Project description:Campylobacter jejuni colonization of chickens is presumably dependent upon multiple surface-exposed proteins termed adhesins. Putative C. jejuni adhesins include CadF, CapA, JlpA, major outer membrane protein, PEB1, Cj1279c, and Cj1349c. We examined the genetic relatedness of 97 C. jejuni isolates recovered from human, poultry, bovine, porcine, ovine, and canine sources by multilocus sequence typing (MLST) and examined their profile of putative adhesin-encoding genes by dot blot hybridization. To assess the individual contribution of each protein in bacterium-host cell adherence, the C. jejuni genes encoding the putative adhesins were disrupted by insertional mutagenesis.
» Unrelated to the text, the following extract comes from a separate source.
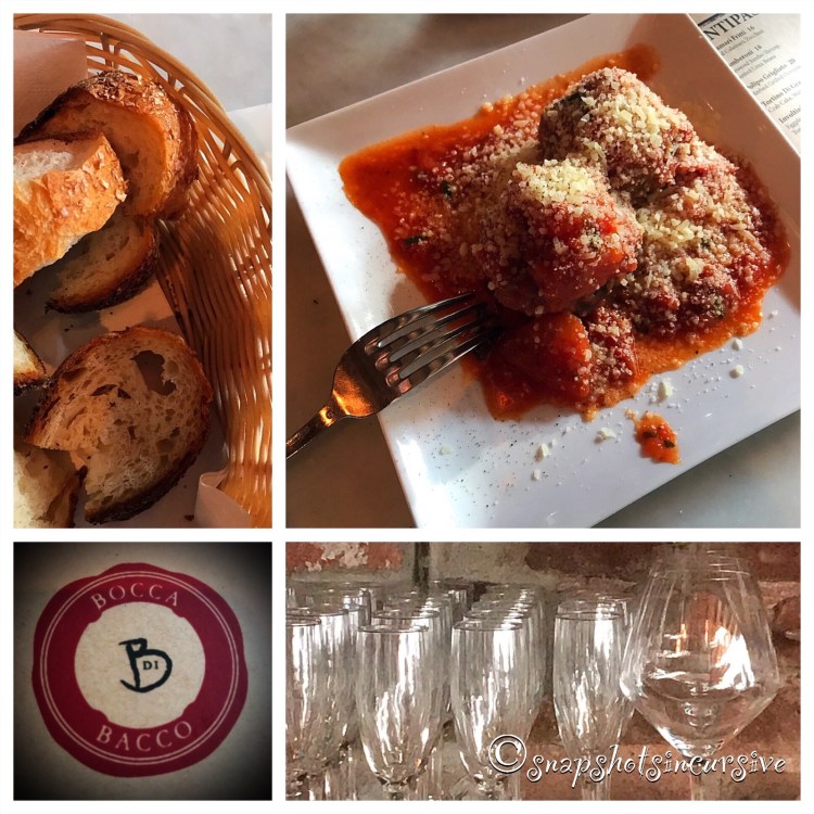 Dining Outside the Home: Bocca di Bacco Theater District in New York, New York! Pay attention when a waiter tells you where he goes for dinner when he’s off work. It’s usually one of those best-kept secrets. If you don’t have a reservation, no worries. Snag a seat at the bar. Bartenders are usually pretty friendly, you can linger over drinks, and when you’re ready for dinner…they happily accommodate. Bocca di Bacco in the Theater District is hip, trendy, popular, and within walking distance of a Manhattan hotel. You’ll realize that as soon as you cross the threshold of this neighborhood trattoria, people flock here for a cozy atmosphere. Distant laughter and glasses clinking are cause for celebration. If Italian small plates are more your style, prepare to be amazed. Not everything is pasta, but it is Italian, so sit back and inhale the aromas.

The phenotype of each mutant was judged by performing in vitro cell adherence assays with chicken LMH hepatocellular carcinoma epithelial cells and in vivo colonization assays with broiler chicks. MLST analysis indicated that the C. jejuni isolates utilized in this study were genetically diverse. Dot blot hybridization revealed that the C. jejuni genes encoding the putative adhesins, with the exception of capA, were conserved among the isolates. The C. jejuni CadF, CapA, Cj1279c, and Cj1349c proteins were found to play a significant role in the bacterium's in vitro adherence to chicken epithelial cells, while CadF, PEB1, and Cj1279c were determined to play a significant role in the bacterium's in vivo colonization of broiler chicks. Collectively, the data indicate that Cj1279c is a novel adhesin. Because Cj1279c harbors fibronectin type III domains, we designated the protein FlpA, for fibronectin-like protein A.